News:

MASM32 SDK Description, downloads and other helpful links
MASM32.com New Forum Link
masmforum WebSite

Optimization source sites

Started by zemtex, June 11, 2011, 11:01:40 PM

Previous topic - Next topic

zemtex

I am looking for optimization data. I already have intel and amd's optimization manuals, I am also aware of optimization tips by Mark Larson. Do anyone know of very good sources for optimization, preferably extensive documentation about parallelism.

Thanks to anyone who can provide strong sources.
I have been puzzling with lego bricks all my life. I know how to do this. When Peter, at age 6 is competing with me, I find it extremely neccessary to show him that I can puzzle bricks better than him, because he is so damn talented that all that is called rational has gone haywire.

dedndave

Agner Fog   :U

http://www.agner.org/optimize/

zemtex

Wonderful.

Do you have more sources for µops, IFETCH and the different decoding pipes I would like some sources on that. I have some here and it is very good, I would like some sources that goes into details on this. Preferably on the sandy bridge architecture.
I have been puzzling with lego bricks all my life. I know how to do this. When Peter, at age 6 is competing with me, I find it extremely neccessary to show him that I can puzzle bricks better than him, because he is so damn talented that all that is called rational has gone haywire.

hutch--

zemtex,

Some of this stuff you will only quantify it well by writing some test piece benchmarks and looking at the timings.
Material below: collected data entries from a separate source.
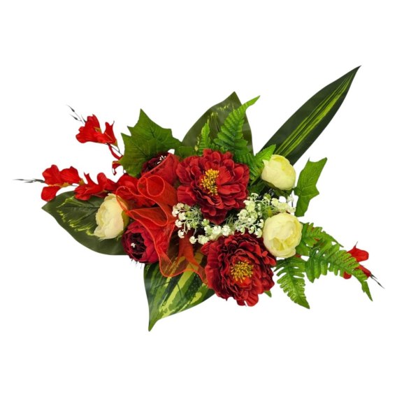 Kompozycje nagrobne z obciążeniem z wysokiej jakości sztucznych kwiatów i roślin.
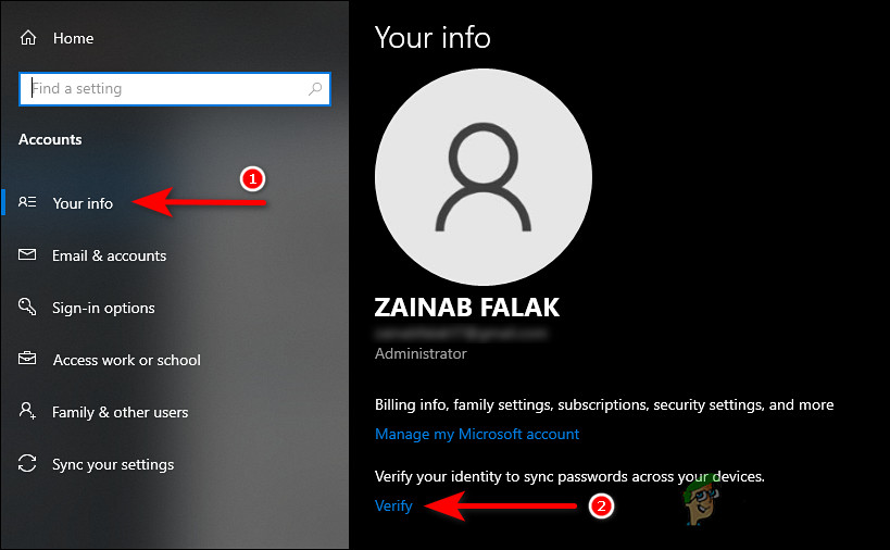 Access Account settings - Now select Your Info tab and then click on Verify under You need to verify your identity on this PC.
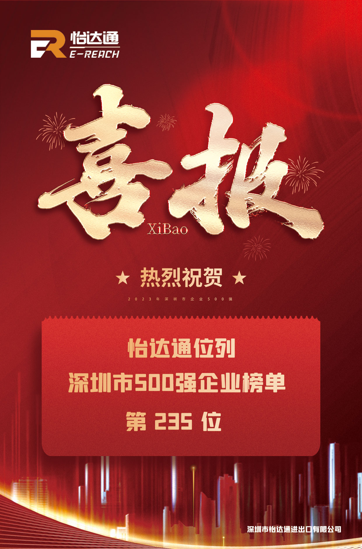 9月25日,深圳市企業(yè)聯(lián)合會(huì)、深圳市企業(yè)家協(xié)會(huì)正式發(fā)布“2023深圳企業(yè)500強(qiáng)榜單”,怡達(dá)通排名235位,這是對(duì)我們多年來(lái)不懈努力的最高肯定。
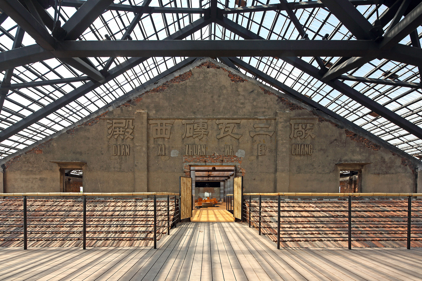 而其他卫生间和机房被隐藏在两个镜面小盒子中。第一次进入砖厂时,我们都被屋顶残破的景象所震撼!为了再现当年的场景,同时为了尽量降低屋面荷载,课题组订制模具,并设计了透明瓦,透明瓦非常轻,用螺栓固定,可以减轻屋面重量,同时形成意想不到的效果。
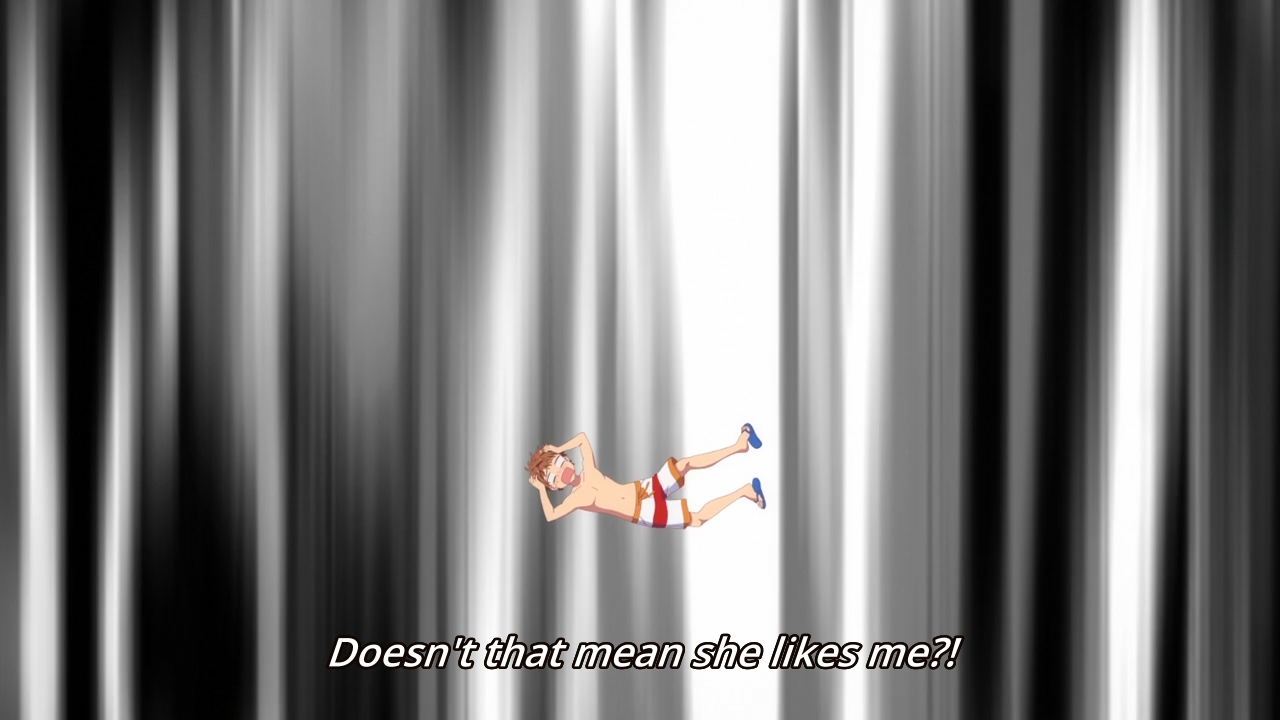 — Meanwhile, Chizuru is feeling dizzy and nauseous, so she probably wanders outside to get some fresh air. Her mistake is getting too close to the railing. Right on cue, the boat encounters some choppy waters, so just like that, the girl goes overboard. Naturally, Kazuya jumps in after her.
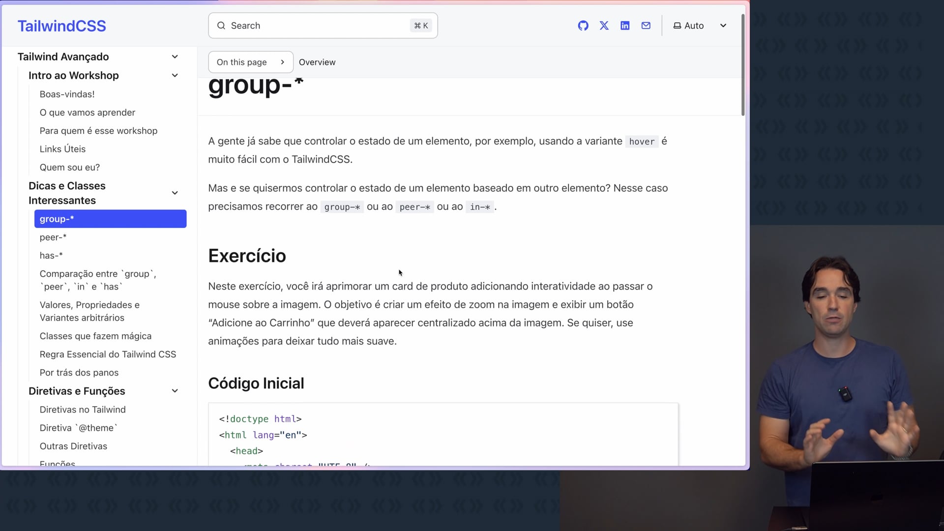 Vamos aplicar a classe `group` em um exercício, aprimorando um card de produto com animações e efeitos ao passar o mouse.

The later Core2 and i3/5/7 series cores are generally easier to optimise for than the earlier PIV series and if parallelism means multicore operations you will need to take special notice of the OS level task switching and core operation duration. Very short thread operations per core are expensive in terms of task switching where longer duration threads start to give you some good parallel performance. Also take note of the number of cores you have to work with as starting many more threads than cores increases your tasik switching overhead.
Download site for MASM32      New MASM Forum
https://masm32.com          https://masm32.com/board/index.php

zemtex

In my own experience if you code games you should probably use fewer threads (with HTT you can run two threads per physical core and one thread per logical core), in games you don't use alot of i/o operations. I/O operations is a primary source why threads are slowed down, typically in such a program more threads can produce faster execution, the non-i/o threads will not halt, while the i/o threads will. Games usually don't use much i/o operations so they benefit fewer threads while general windows applications probably and in many cases run better with tens of threads.
I have been puzzling with lego bricks all my life. I know how to do this. When Peter, at age 6 is competing with me, I find it extremely neccessary to show him that I can puzzle bricks better than him, because he is so damn talented that all that is called rational has gone haywire.

clive

Well it clearly depends. Windows itself has a lot of threads/processes running. The bottle necks come if your/their threads are all interdependent on each other. Or chew up time looking for Sun/Adobe updates, etc. If an operation lends itself to independent parallel execution use multiple threads. If you've just got a serialized sequence there is less point, unless you can pipeline things, where a thread goes and prefetches the next batch of data, while a second/third digest or process it. I'd use a chain-gang, bucket-brigade, type description for that, and is analogous to the way the hardware appears to be clocking at stupendous rates. ie throughput appears to be 1 cycle, but has significant real latency.

Intel used to publish books, white papers, and have developer conferences which generated the type of material you are looking for. It's been a while since I've been heavily interested in what Intel/Microsoft are up to, but I suspect a quick google on topics like SIMD and encryption optimization might bring some things up.

Intel also used to add a lot of parallization(sic) technology into their C and Fortran compilers, recognizing math/array constructs that would map effectively into the MMX/SSE SIMD models.

http://www.intel.com/idf/
It could be a random act of randomness. Those happen a lot as well.

zemtex

That is excellent clive I will look into the developer pages, there is probably a ton of information to consume there. I'm not developing anything, I am merely feeding my curios mind when I have nothing better to do.  :lol
I have been puzzling with lego bricks all my life. I know how to do this. When Peter, at age 6 is competing with me, I find it extremely neccessary to show him that I can puzzle bricks better than him, because he is so damn talented that all that is called rational has gone haywire.